Fitis trekt ’s nachts weg
De vogeltrek blijft een boeiend fenomeen. Pas eind september en oktober komt de najaarstrek op zijn hoogtepunt, maar ongemerkt trekken ook nu aantallen vogels weg uit ons land. Ze doen dat meestal met stille trom. De fitis is er zo een. Dit kleine bruingele vogeltje is misschien sowieso niet echt een opvallende verschijning, maar in de zomer zijn er wel heel veel. Begin augustus zijn de meer dan een half miljoen broedvogels eigenlijk allemaal al vertrokken. Ze verdwijnen ongemerkt op trek, in de nachtelijke uren. De fitis is een uitgesproken nachttrekker.

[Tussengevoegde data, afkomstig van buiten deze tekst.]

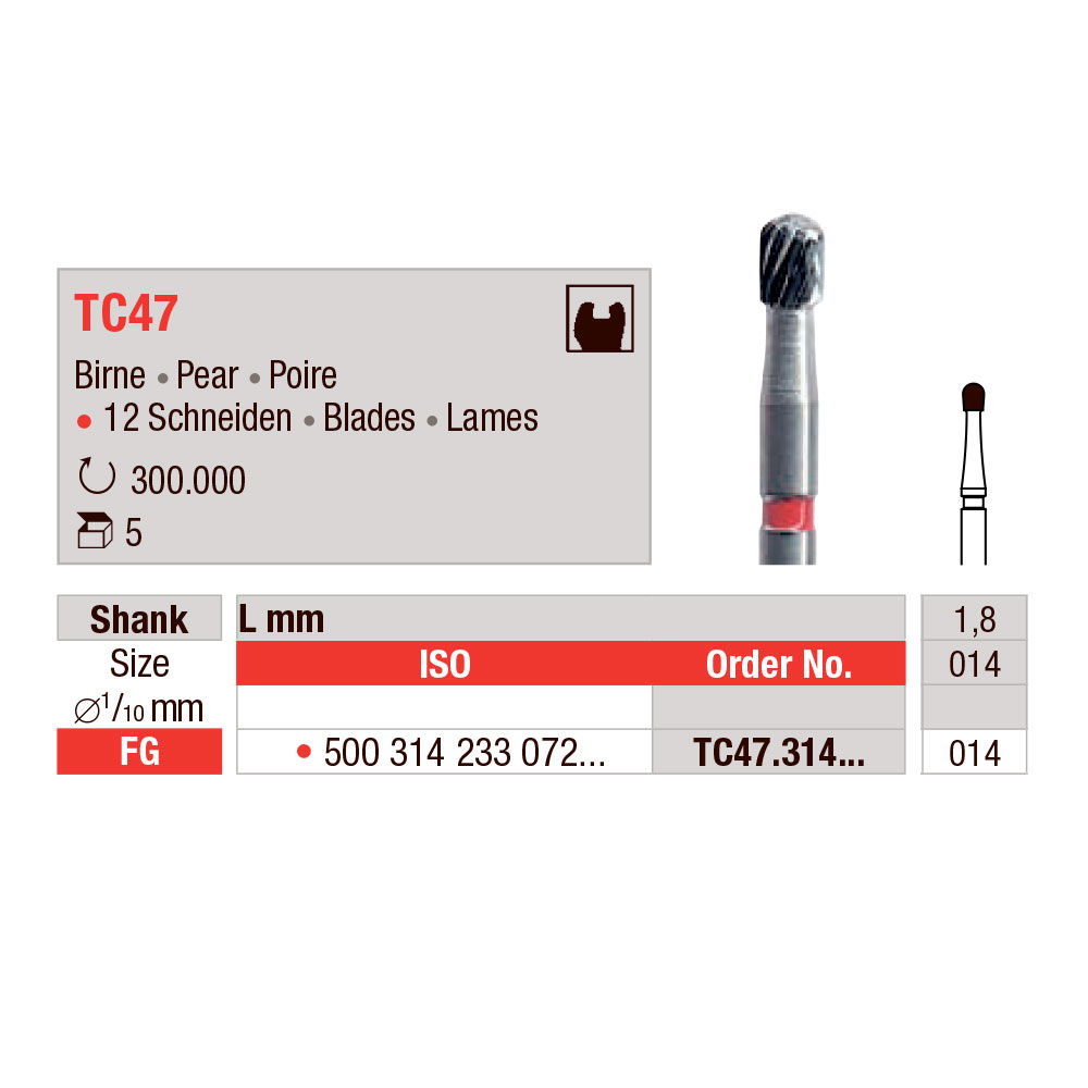 Finerbor til pudsning, hårdmetal, 12-bladede, til FG, pæreformet, med rød ring, str. 014, hovedlængde 1,8 mm.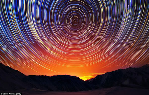 自远古以来,人类就开始关注夜空中那些貌似静态呈现的美丽繁星,它们总是笼罩着一层神秘的色彩。近日,来自哈萨克斯坦的的一位27岁业余年轻摄影师就用它敏锐的目光和长时间的曝光,趁着星星们在夜空中发光摇曳时,捕捉到了它们令人吃惊的快速移动瞬间。数颗繁星在夜空中旋转起舞,场面十分美丽惊人。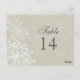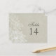 Graphic flowers outlined in white against a soft taupe make a beautiful statement on this double-sided table card. A sentimental look for a special day. Design is duplicated on both sides so that the table number can be seen however its placed on the table. Available in alternate colors with matching products.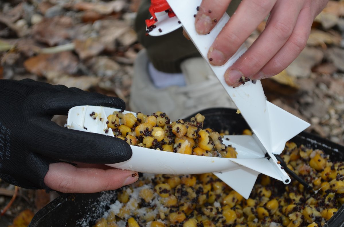 Každý kdo chytá na řece Moravě ví, jak hodně je to obtížná voda se spoustou zatopených stromů a různých překážek. Našel jsem jedno nenápadné místo, kde byl spadlý velký strom a voda zde stála. Usadil jsem se trochu opodál a nahazoval napříč řekou. Přichystal jsem větší množství kukuřice, řepky a mixu pelet.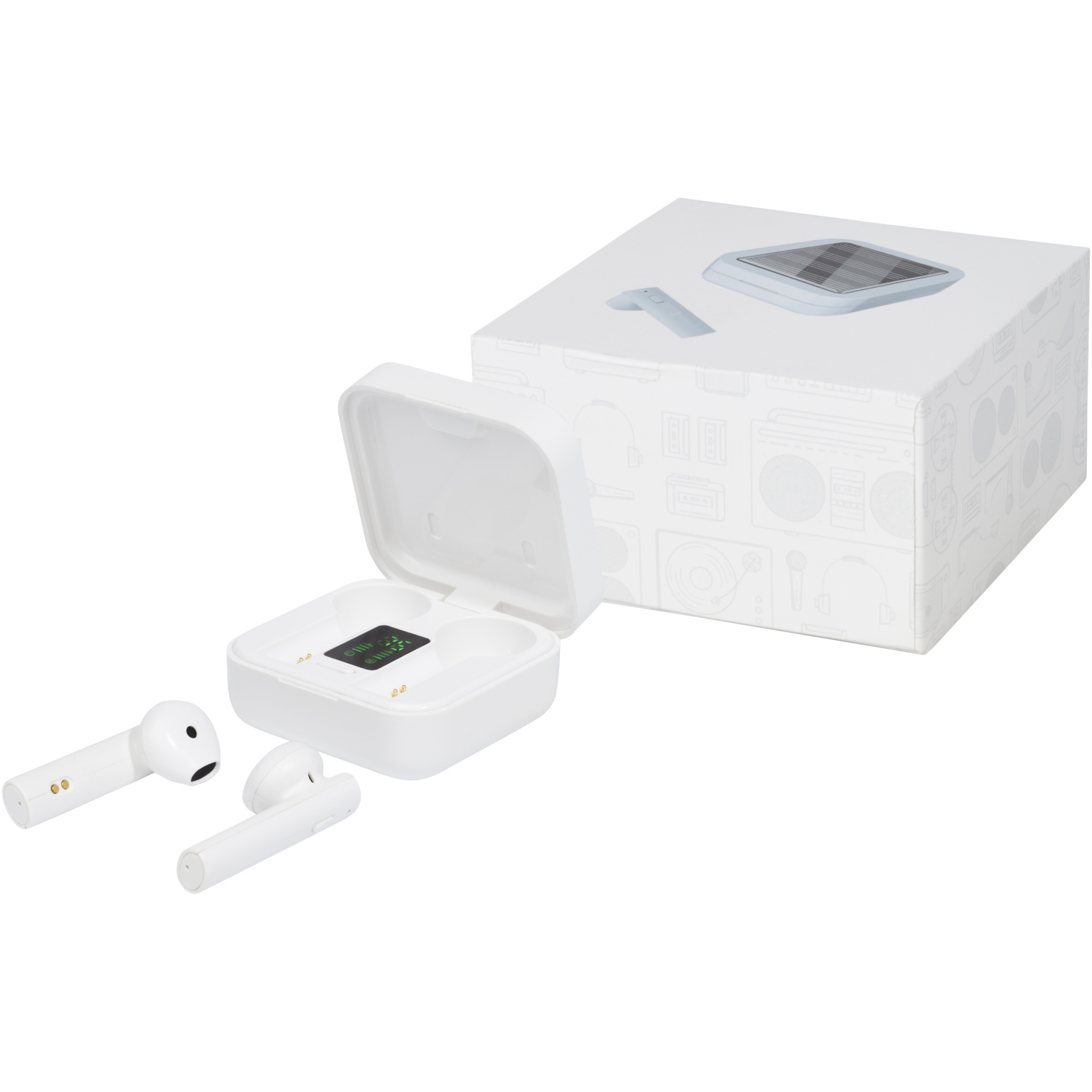 Stiilsed TWS (True Wireless Stereo) kõrvaklapid koos tõhusa päikesepaneeliga, mis on integreeritud laadimisümbrisesse. Ideaalsed kõrvaklapid välitegevusteks, kuna neid saab laadida päikeseenergiaga, kui toiteallikad pole saadaval. Bluetooth® 5.0 stabiilse ühenduse ja madala energiatarbimise tagamiseks, ühenduse ulatusega kuni 10 meetrit. Taasesitusaeg maksimaalse helitugevusega kuni 3 tundi. Laadimisümbrises olev 200 mAh taaslaetav polümeeraku suudab laadida kõrvaklappe 0–100% kuni 3 korda. Ergonoomiline disain ja mugav kanda koos integreeritud multifunktsionaalse nupuga kuularil otsetee juhtimiseks. Tarnitakse esmaklassilises kinkekarbis.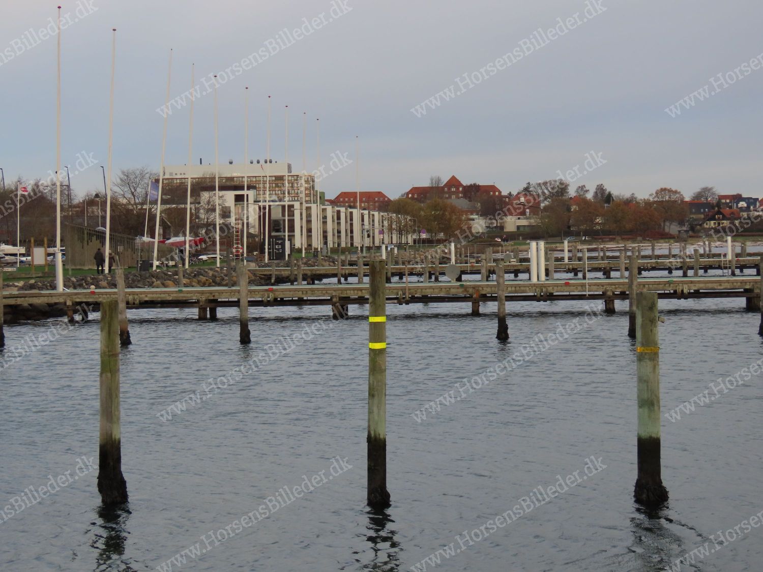 Lystbådehavnen med Langelinie og sygehuset i baggrunden. Den 23/11-2025. Udlåner Torben Dalhoff Mikkelsen.

Spotvogel is ook een kortblijver
De vroege trekkers zijn meestal insecteneters. De grote vetreserves die vogels nodig hebben voor de trek, leggen insecteneters aan in de zomer als er een overvloed aan voedsel is. Ze moeten weg zijn voordat het aanbod aan insecten afneemt in het najaar. De spotvogel zou eigenlijk ook ‘honderd dagen vogel’ kunnen heten. Hij arriveert pas in mei en is vaak begin augustus al weer weg. Zijn vertrek valt alleen een stuk minder op dan dat van de stadse gierzwaluwen. Ongemerkt verlaat de spotvogel zijn Nederlandse stekkie. Om het grote mysterie van de vogeltrek nog maar eens te benadrukken: dit piepkleine vogeltje gaat op weg naar zijn plekje onder de Afrikaanse zon: ten zuiden van de evenaar. Als hij daar aankomt moet de vogeltrek in Nederland eigenlijk nog echt op gang komen.